**Work order**
Please set down only the lines below starting with the line with "την λίστα αποζημιώσεων." and going on through the line with "اجاق سفری مدل AS همراه 4 عدد کپسول گاز سفری", verbatim and without pictures.

**Input records**
[Start of section]
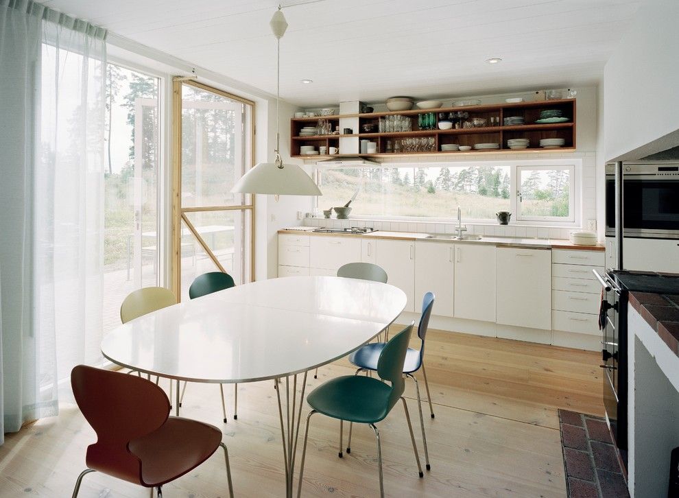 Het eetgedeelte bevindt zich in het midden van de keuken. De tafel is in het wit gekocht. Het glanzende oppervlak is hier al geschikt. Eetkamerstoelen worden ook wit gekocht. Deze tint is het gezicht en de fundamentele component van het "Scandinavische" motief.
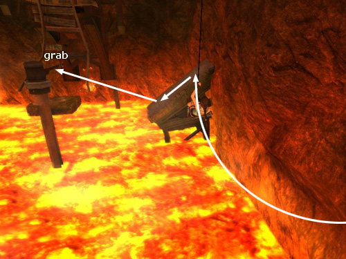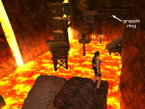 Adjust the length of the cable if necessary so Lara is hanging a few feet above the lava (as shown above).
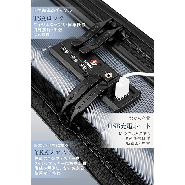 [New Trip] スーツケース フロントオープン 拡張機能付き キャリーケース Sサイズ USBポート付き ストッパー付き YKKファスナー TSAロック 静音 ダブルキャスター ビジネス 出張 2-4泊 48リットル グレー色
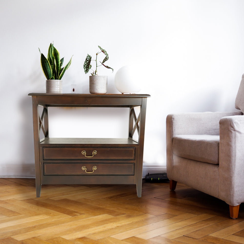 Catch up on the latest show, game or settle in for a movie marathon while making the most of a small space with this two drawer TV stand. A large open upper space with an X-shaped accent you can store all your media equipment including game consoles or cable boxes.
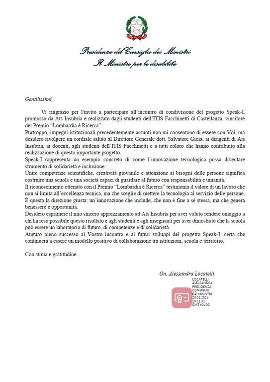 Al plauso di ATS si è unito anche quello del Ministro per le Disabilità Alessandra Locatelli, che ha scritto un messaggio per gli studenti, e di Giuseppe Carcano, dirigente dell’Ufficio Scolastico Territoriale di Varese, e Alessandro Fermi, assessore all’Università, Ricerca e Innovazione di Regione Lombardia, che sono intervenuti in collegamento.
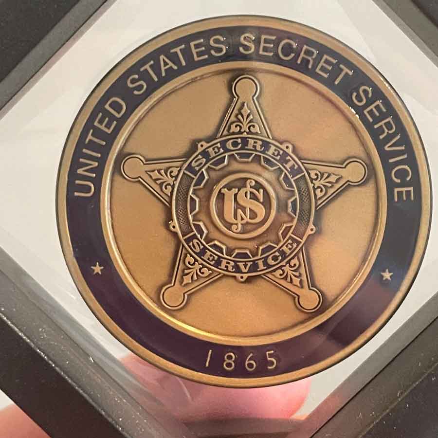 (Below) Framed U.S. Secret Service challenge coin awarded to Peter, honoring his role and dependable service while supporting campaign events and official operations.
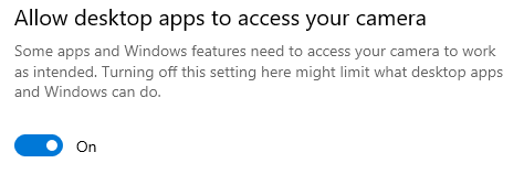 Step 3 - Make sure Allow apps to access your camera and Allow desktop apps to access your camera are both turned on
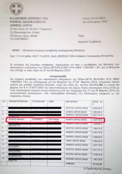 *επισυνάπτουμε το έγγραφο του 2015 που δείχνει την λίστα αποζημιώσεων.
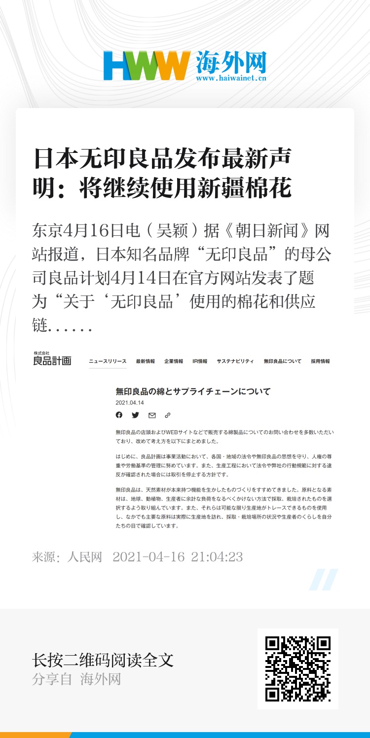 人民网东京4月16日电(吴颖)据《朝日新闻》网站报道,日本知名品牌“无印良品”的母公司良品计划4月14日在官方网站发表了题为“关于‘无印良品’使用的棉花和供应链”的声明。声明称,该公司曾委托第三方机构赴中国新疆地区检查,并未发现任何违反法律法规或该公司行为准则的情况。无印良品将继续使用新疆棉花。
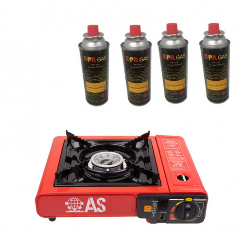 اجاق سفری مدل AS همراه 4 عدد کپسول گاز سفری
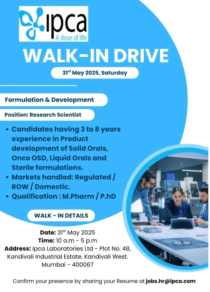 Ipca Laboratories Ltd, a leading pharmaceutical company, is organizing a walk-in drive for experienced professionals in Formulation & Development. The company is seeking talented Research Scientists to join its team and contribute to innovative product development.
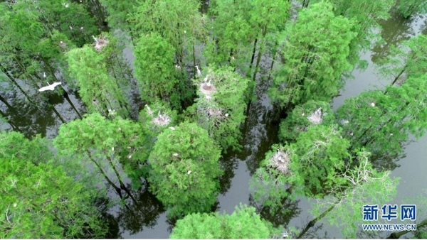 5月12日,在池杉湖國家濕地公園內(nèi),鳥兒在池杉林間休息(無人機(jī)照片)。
[End of section]
**Answer space**
 *επισυνάπτουμε το έγγραφο του 2015 που δείχνει την λίστα αποζημιώσεων.
 人民网东京4月16日电(吴颖)据《朝日新闻》网站报道,日本知名品牌“无印良品”的母公司良品计划4月14日在官方网站发表了题为“关于‘无印良品’使用的棉花和供应链”的声明。声明称,该公司曾委托第三方机构赴中国新疆地区检查,并未发现任何违反法律法规或该公司行为准则的情况。无印良品将继续使用新疆棉花。
 اجاق سفری مدل AS همراه 4 عدد کپسول گاز سفری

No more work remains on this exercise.